(Beginning of DATA SHOWN)

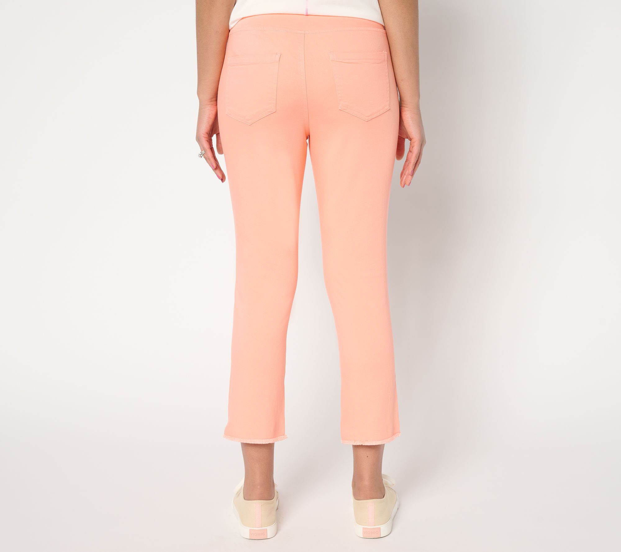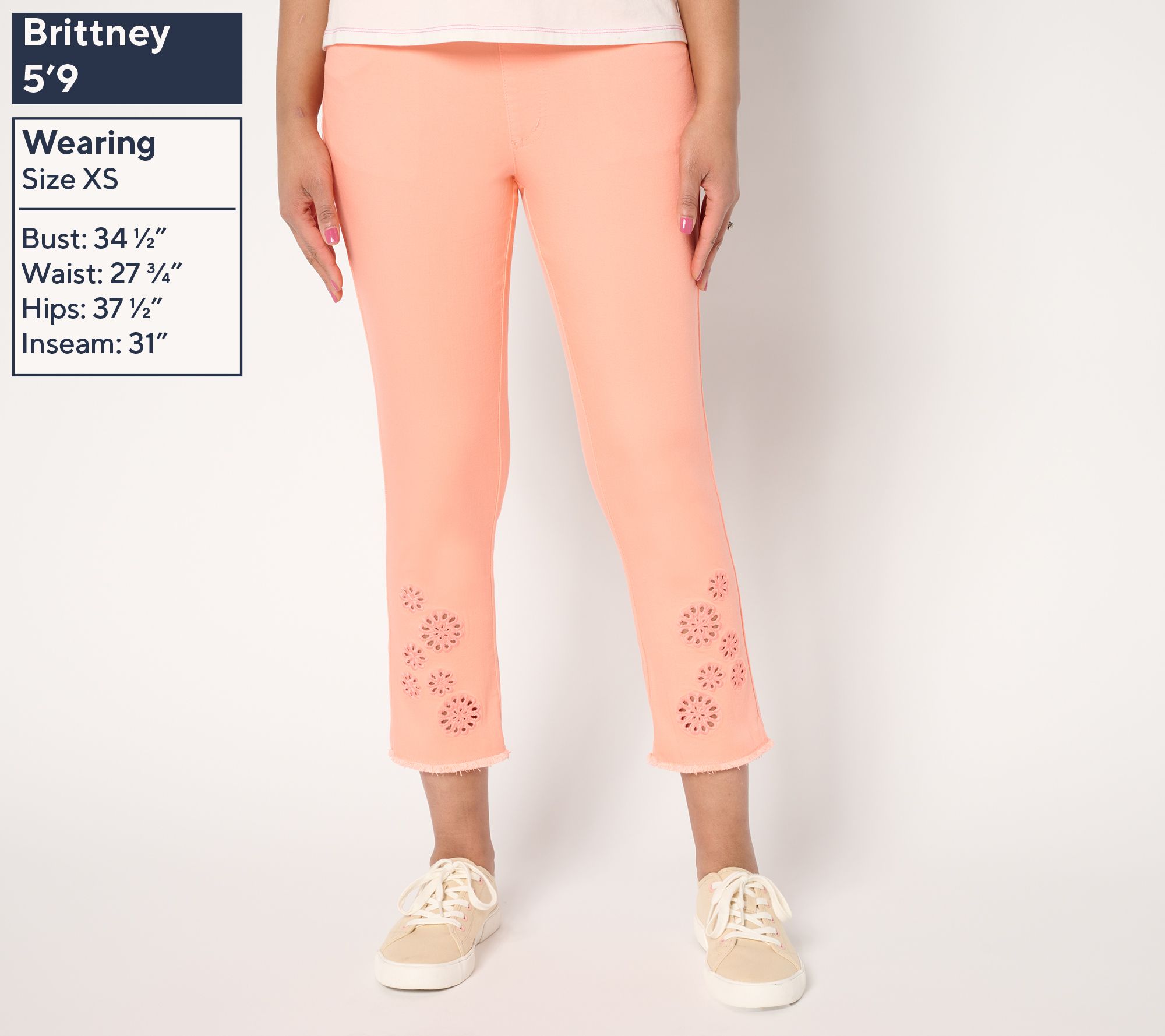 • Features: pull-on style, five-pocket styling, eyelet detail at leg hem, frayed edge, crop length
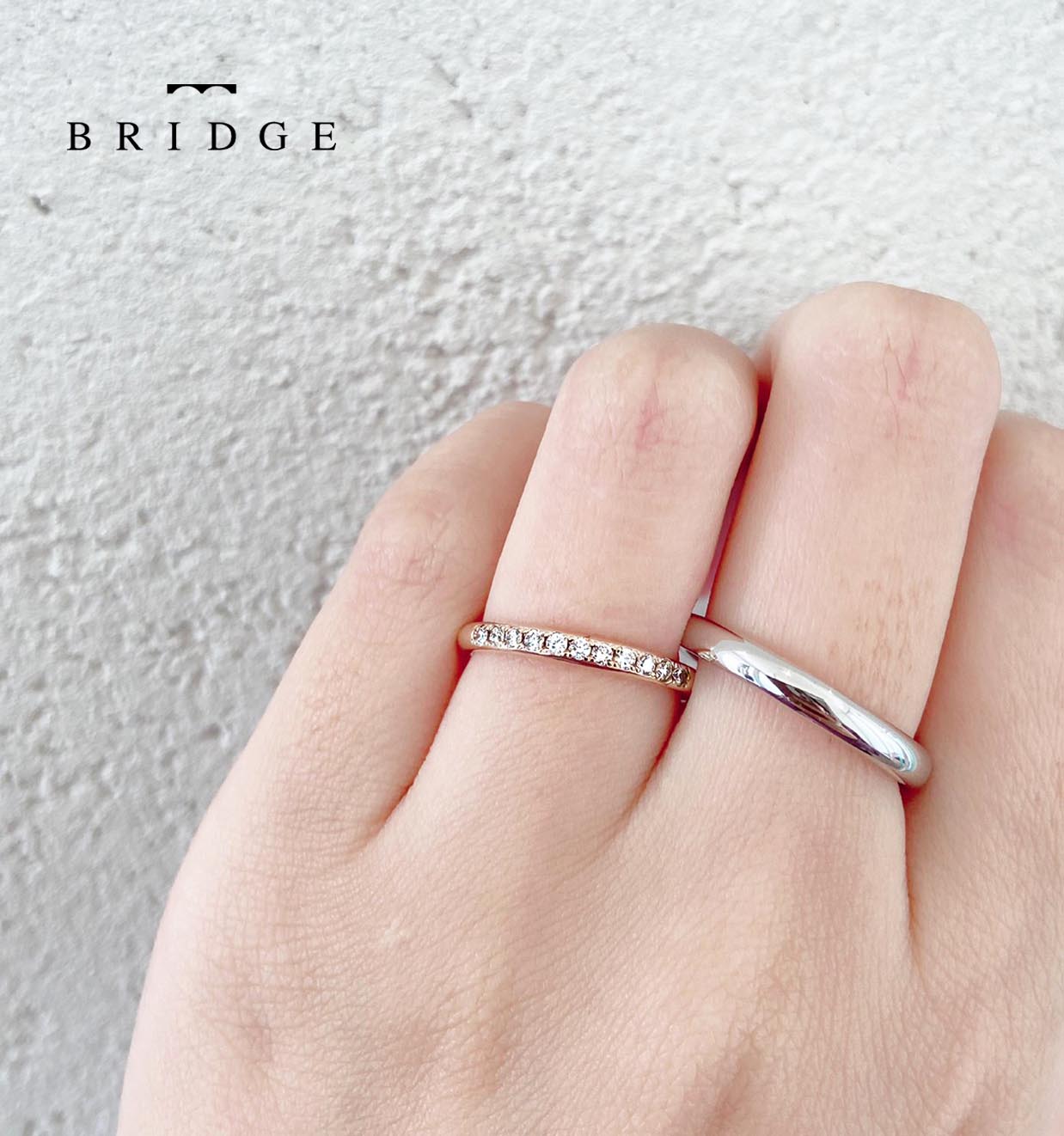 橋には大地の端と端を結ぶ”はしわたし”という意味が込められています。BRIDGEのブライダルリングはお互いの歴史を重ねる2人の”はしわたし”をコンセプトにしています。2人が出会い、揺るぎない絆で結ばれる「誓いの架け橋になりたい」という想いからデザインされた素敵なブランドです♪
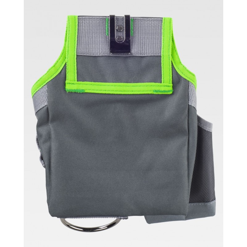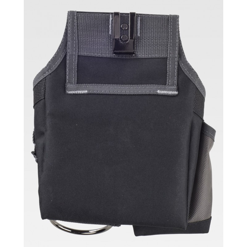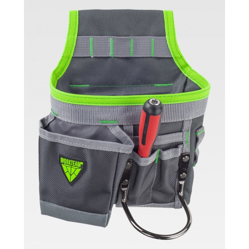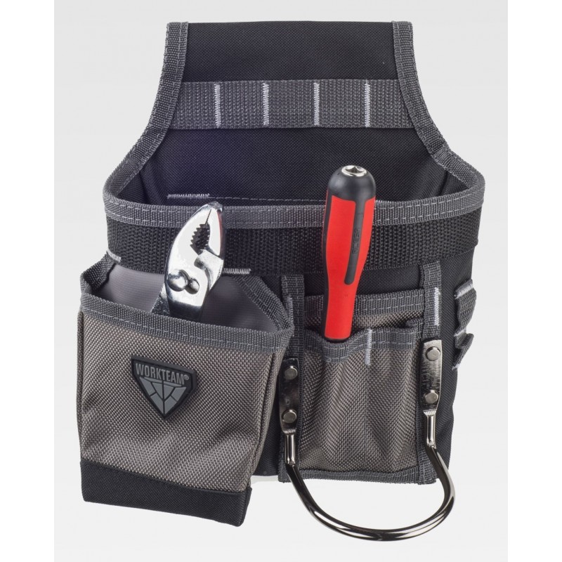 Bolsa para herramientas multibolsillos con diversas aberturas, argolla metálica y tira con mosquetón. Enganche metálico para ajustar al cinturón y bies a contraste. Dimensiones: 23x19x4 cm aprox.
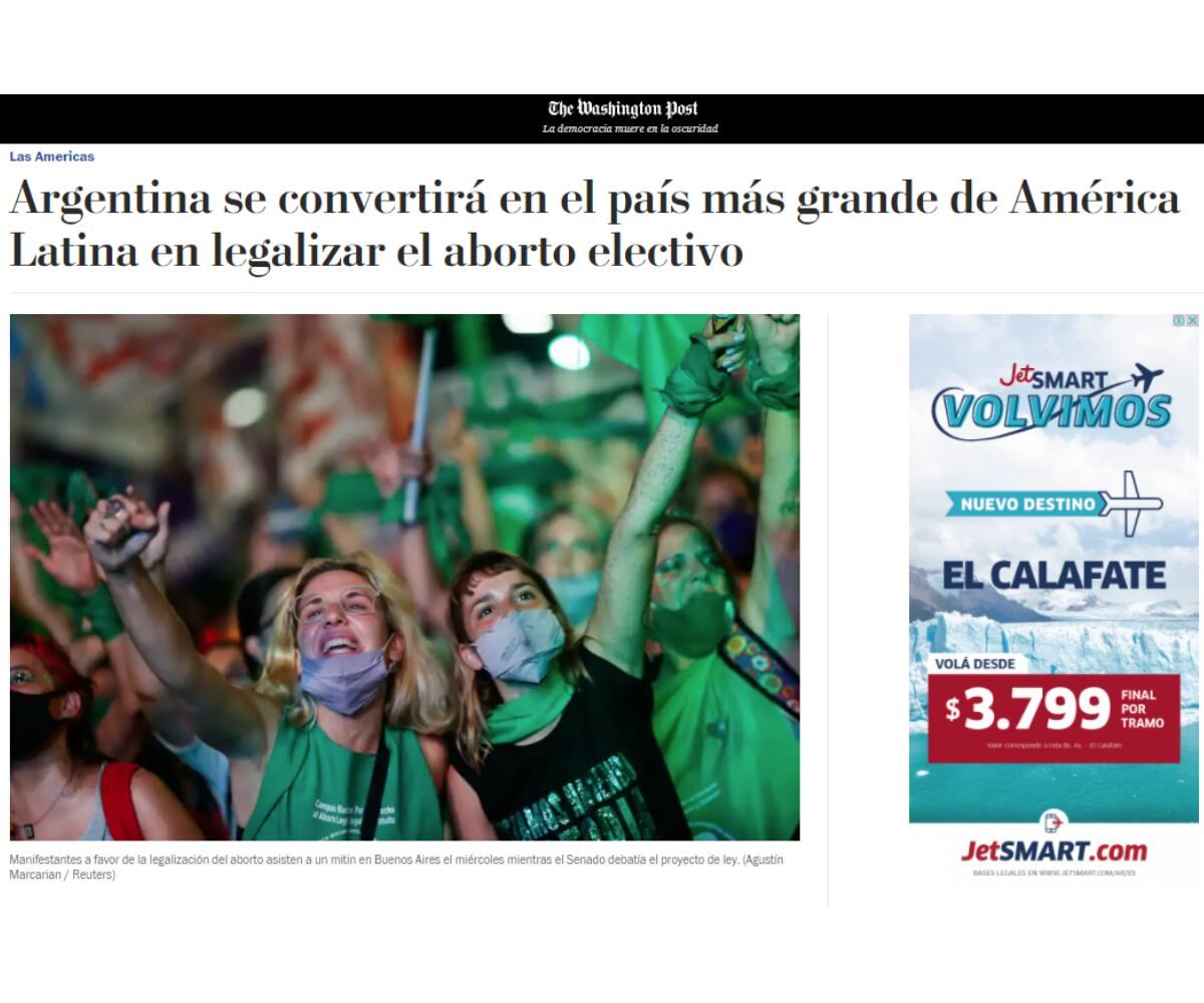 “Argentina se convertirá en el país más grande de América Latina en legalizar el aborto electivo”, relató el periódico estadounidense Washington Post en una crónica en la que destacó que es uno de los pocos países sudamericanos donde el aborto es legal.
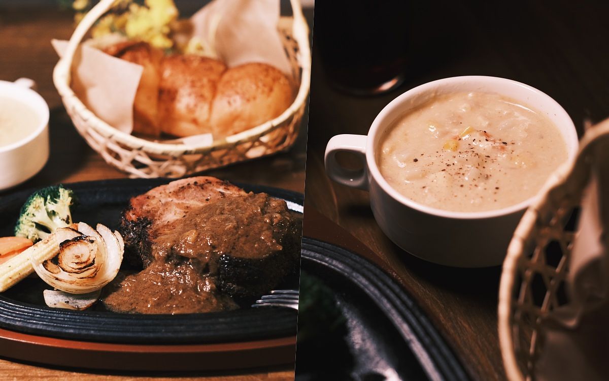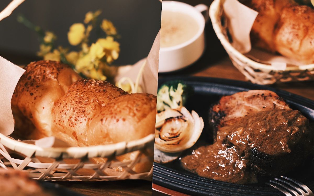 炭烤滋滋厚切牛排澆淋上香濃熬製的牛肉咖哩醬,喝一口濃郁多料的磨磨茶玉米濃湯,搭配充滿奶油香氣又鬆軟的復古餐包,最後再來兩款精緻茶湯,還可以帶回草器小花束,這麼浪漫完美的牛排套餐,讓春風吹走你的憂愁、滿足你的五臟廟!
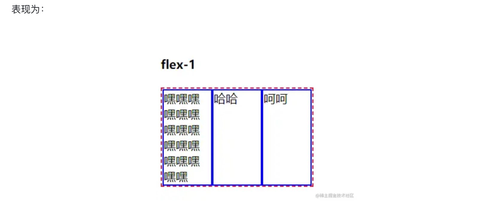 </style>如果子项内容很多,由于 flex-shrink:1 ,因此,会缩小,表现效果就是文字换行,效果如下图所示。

(End of DATA SHOWN)

**YOUR ASSIGNMENT:**
Hand back the exact lines from the start of the entries to the line with "Bolsa para herramientas", both ends kept and pictures left out.

**THE COMPLETED TASK:**
 • Features: pull-on style, five-pocket styling, eyelet detail at leg hem, frayed edge, crop length
 橋には大地の端と端を結ぶ”はしわたし”という意味が込められています。BRIDGEのブライダルリングはお互いの歴史を重ねる2人の”はしわたし”をコンセプトにしています。2人が出会い、揺るぎない絆で結ばれる「誓いの架け橋になりたい」という想いからデザインされた素敵なブランドです♪
 Bolsa para herramientas multibolsillos con diversas aberturas, argolla metálica y tira con mosquetón. Enganche metálico para ajustar al cinturón y bies a contraste. Dimensiones: 23x19x4 cm aprox.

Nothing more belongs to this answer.